However, I cannot make sense of the output glmnet gives me.

Ok, first let's generate two related categorical variables:

Generate Data

p <- 2 #number variables
mu <- rep(0,p)
sigma <- matrix(rep(0,p^2), ncol=p)
sigma[1,2] <- .8 #some relationship ..
diag(sigma) <- 1
sigma <- pmax(sigma, t(sigma))
n <- 100
set.seed(1)
library(MASS)
dat <- mvrnorm(n, mu, sigma)
#discretize
k <- 3 # number of categories
d <- apply(dat, 2, function(x) {
  q <- quantile(x, probs=seq(0,1, 1/k))[-c(1, k+1)]
  out <- numeric(length(x))
  for(i in 1:(k-1))
  {  out[x<q[k-i]] <- i } 
  return(out)
})
d <- data.frame(apply(d, 2, as.factor))
d[,2] <- relevel(d[,2], ref="0")
d[,1] <- relevel(d[,1], ref="0")
colnames(d) <- c("X1", "X2")

We get:

> table(d)
   X2
X1   0  1  2
  0 22 11  1
  1  9 14 10
  2  3  8 22

Prediction: multinom()

Then let's predict X1 by X2 using the multinom() from the nnet package:

library(nnet)
mod1 <- multinom(X1~X2, data=d)
mod1

which gives us:

Call:
multinom(formula = X1 ~ X2, data = d)

Coefficients:
  (Intercept)      X21      X22
1  -0.8938246 1.134993 3.196476
2  -1.9924124 1.673949 5.083518

Manual check

Now let's check, whether we can reproduce that manually:

tb <- table(d)
log(tb[2,1] / tb[1,1]) #intercept category1
[1] -0.8938179
log(tb[3,1] / tb[1,1]) #intercept category2
[1] -1.99243
log((tb[1,1]*tb[2,2]) / (tb[1,2]*tb[2,1])) #logodds-ratio cat X1 0vs1 in X2 0vs1
[1] 1.13498
#same for the three remaining log odds ratios

We produce the same numbers, good!

Prediction: glmnet()

Now let's do the same with glmnet:

library(glmnet)
y <- d[,1]
X <- model.matrix(X1~X2, data=d)[,-1]
mod2 <- glmnet(X, y, family="multinomial", lambda=c(0))
coef(mod2, s=0) #meaning of coefficients unclear!
$`0`
3 x 1 sparse Matrix of class "dgCMatrix"
                     1
(Intercept)  0.9620216
X21         -1.1349130
X22         -3.1958293   

$`1`
3 x 1 sparse Matrix of class "dgCMatrix"
                     1
(Intercept) 0.06825755
X21         .         
X22         .         

$`2`
3 x 1 sparse Matrix of class "dgCMatrix"
                     1
(Intercept) -1.0302792
X21          0.5388814
X22          1.8870363

Note that I set s=0, thus there is no regularisation and the parameters should contain the exact same information as the parameters of the multinom() function.

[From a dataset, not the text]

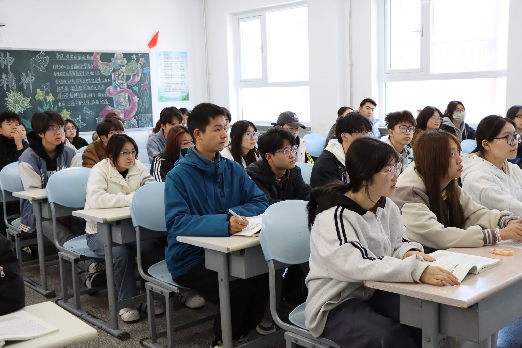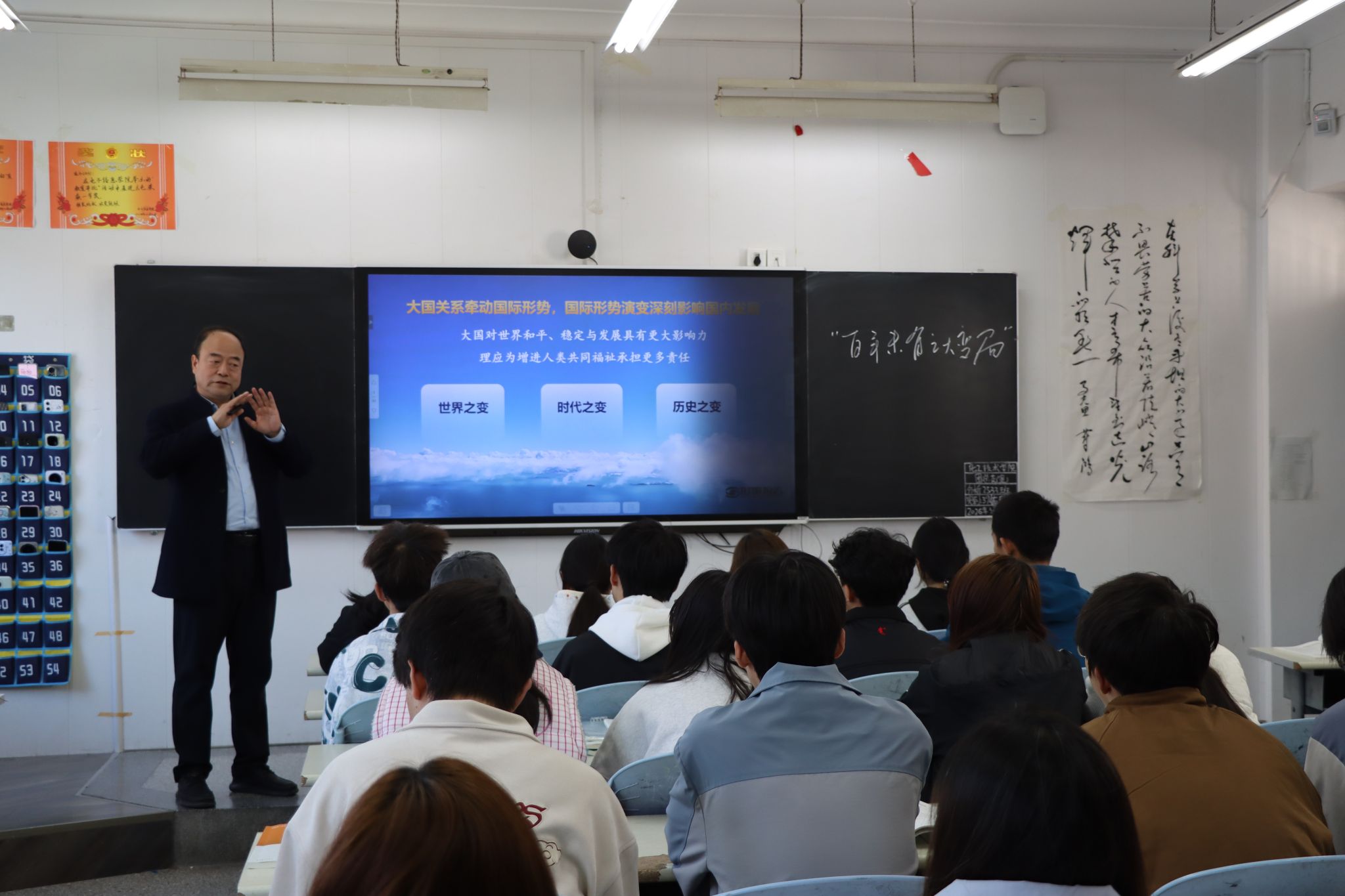 整堂课视野开阔、论述深刻,既有思想引领,又有情感共鸣。周晓明勉励同学们,要胸怀“国之大者”,在专业学习中厚植家国情怀,在时代浪潮中涵养国际视野,努力成长为有理想、敢担当、能吃苦、肯奋斗的新时代好青年。

Still, we get very different parameters. This is due to the different parameterization they use in glmnet, see e.g.:

http://web.stanford.edu/~hastie/glmnet/glmnet_alpha.html (heading: Multinomial models) or the corresponding paper: http://www.jstatsoft.org/v33/i01/paper (heading: 4. Regularized multinomial regression)

But no matter how exactly one parameterizes, one should get the same $P(Y=k | X)$, the probability of category k conditional on X.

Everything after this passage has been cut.